Le gain en capital est le revenu tiré de la vente d’un bien qui a pris de la valeur comme des actions, des chalets, des résidences secondaires et des plex – on exclut la résidence principale. À l’heure actuelle, on paie de l’impôt, au fédéral comme au provincial, sur la moitié des gains en capital.

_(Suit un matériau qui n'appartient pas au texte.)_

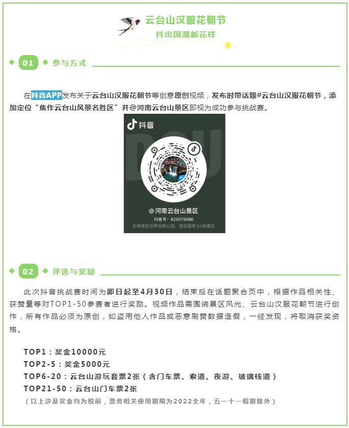 第四屆云臺(tái)山漢服花朝節(jié)、抖音挑戰(zhàn)賽、小紅書游記征集令重磅上線,拍視頻就能贏大獎(jiǎng)!四月、盧卓、宮寒、鹿荼白……十二花神、竹林七賢已就位,超人氣漢服kol名單大公開(kāi)!

C’est un traitement préférentiel comparativement à celui appliqué aux revenus de travail.

En vertu du budget fédéral déposé mardi, dès le 25 juin prochain, le taux d’inclusion – la portion du gain en capital qui est imposable – passera de la moitié (50 %) aux deux tiers pour tout ce qui dépasse 250 000 $. Ce changement devrait affecter quelque 40 000 personnes et 307 000 sociétés, d’après les estimations fédérales.

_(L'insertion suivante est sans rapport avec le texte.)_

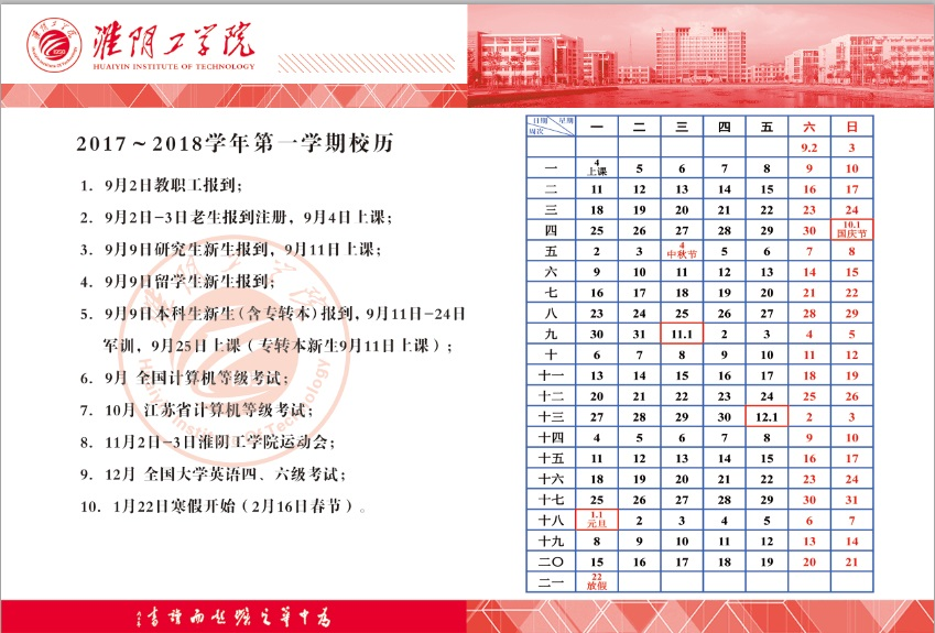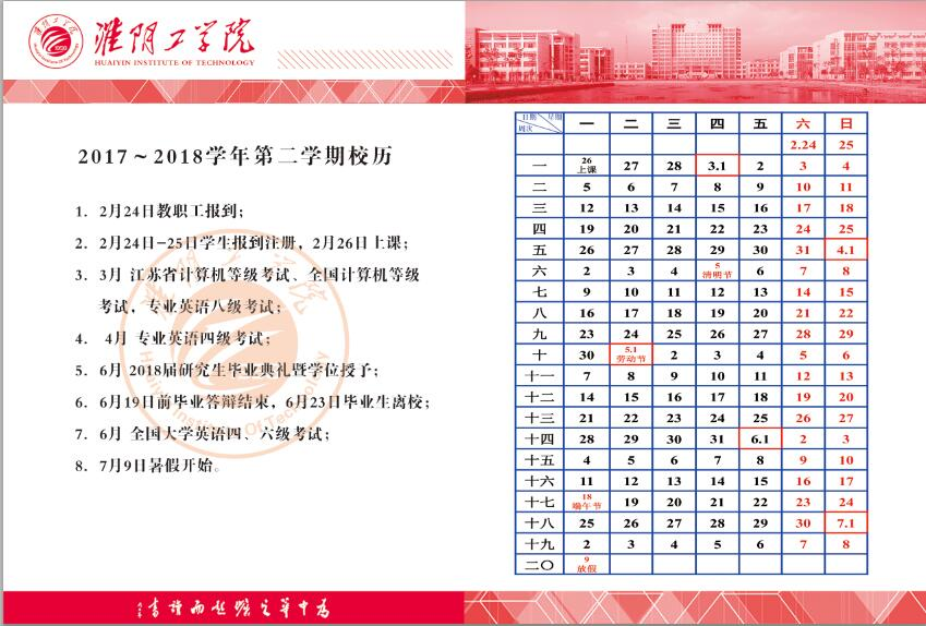 2017-2018学年校历

Le gouvernement Trudeau calcule qu’il récoltera dès la première année 6,9 des 19,4 milliards supplémentaires escomptés en cinq ans.

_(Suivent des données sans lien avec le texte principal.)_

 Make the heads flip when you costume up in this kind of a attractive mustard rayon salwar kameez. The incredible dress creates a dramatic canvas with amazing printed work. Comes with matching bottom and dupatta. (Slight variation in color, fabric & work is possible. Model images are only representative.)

La Presse a sollicité le cabinet du ministre québécois des Finances, Eric Girard, pour savoir si Québec harmonisera avec le fédéral son taux à 66 %, comme il l’a toujours fait dans le passé. Il a répondu que ce n’était « pas automatique ». « On étudie toujours la pertinence et la nécessité d’harmoniser », a-t-il ajouté. Et c’est ce qu’il fait à l’heure actuelle à la suite du dépôt du budget Freeland.

Avec l’inclusion limitée à 50 % des gains en capital dans l’impôt à payer, Québec s’est privé de 2,4 milliards de dollars au chapitre de l’impôt des particuliers et de 1,7 milliard dans le cas de l’impôt des sociétés en 2023. Si le taux d’inclusion passe à 66 %, on pourrait croire que le gouvernement toucherait plus de 1 milliard supplémentaire. Mais comme Ottawa entend appliquer le nouveau taux à tout gain en capital supérieur à 250 000 $, il est difficile d’arriver à une estimation précise pour Québec, mais ce pourrait être inférieur au milliard. L’opération rapporterait tout de même des centaines de millions de dollars.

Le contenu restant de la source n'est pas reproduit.